▶ _What you need to do_
Set down exactly, from the records below, the line with "Wóz, Zboże, Jabłka, Dynie, Pole" through the line with "Choose a squirrel-resistant", and nothing else.

▶ _Task inputs_

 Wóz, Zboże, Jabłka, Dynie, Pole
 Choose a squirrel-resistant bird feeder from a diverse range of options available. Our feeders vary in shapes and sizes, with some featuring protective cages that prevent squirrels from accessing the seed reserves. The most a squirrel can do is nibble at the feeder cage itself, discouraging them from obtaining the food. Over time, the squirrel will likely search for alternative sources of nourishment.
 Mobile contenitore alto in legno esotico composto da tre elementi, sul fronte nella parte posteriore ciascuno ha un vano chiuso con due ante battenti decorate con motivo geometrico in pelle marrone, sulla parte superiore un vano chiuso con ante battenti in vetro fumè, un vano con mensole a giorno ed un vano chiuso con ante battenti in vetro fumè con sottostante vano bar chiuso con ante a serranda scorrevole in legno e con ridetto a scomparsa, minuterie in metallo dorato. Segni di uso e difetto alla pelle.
==
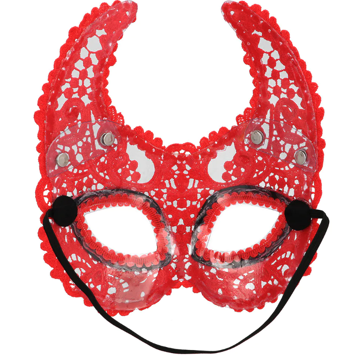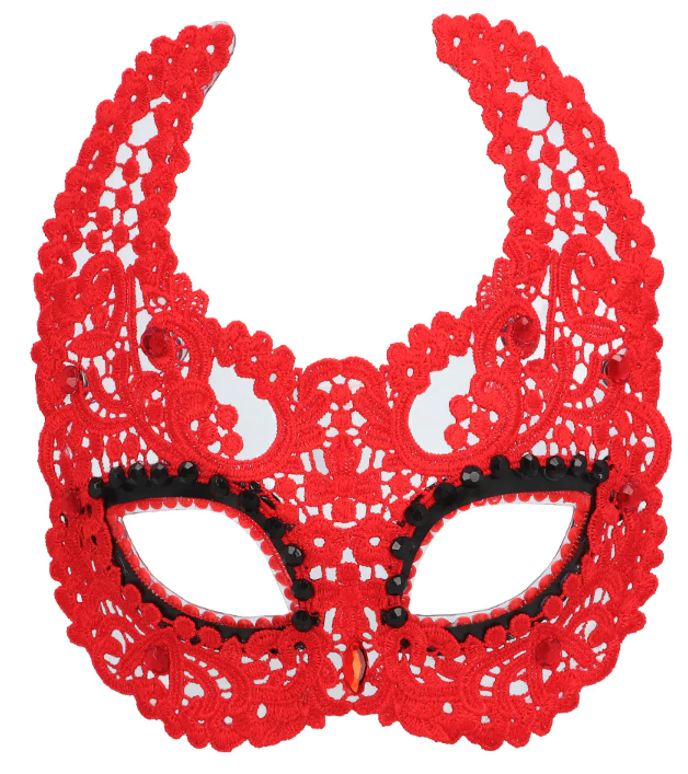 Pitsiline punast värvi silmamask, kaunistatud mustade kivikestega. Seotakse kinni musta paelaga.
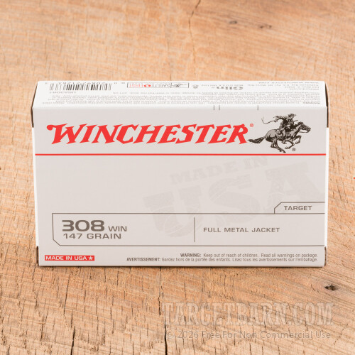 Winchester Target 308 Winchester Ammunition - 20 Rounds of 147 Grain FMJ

▶ _Answer to this exercise_
 Wóz, Zboże, Jabłka, Dynie, Pole
 Choose a squirrel-resistant bird feeder from a diverse range of options available. Our feeders vary in shapes and sizes, with some featuring protective cages that prevent squirrels from accessing the seed reserves. The most a squirrel can do is nibble at the feeder cage itself, discouraging them from obtaining the food. Over time, the squirrel will likely search for alternative sources of nourishment.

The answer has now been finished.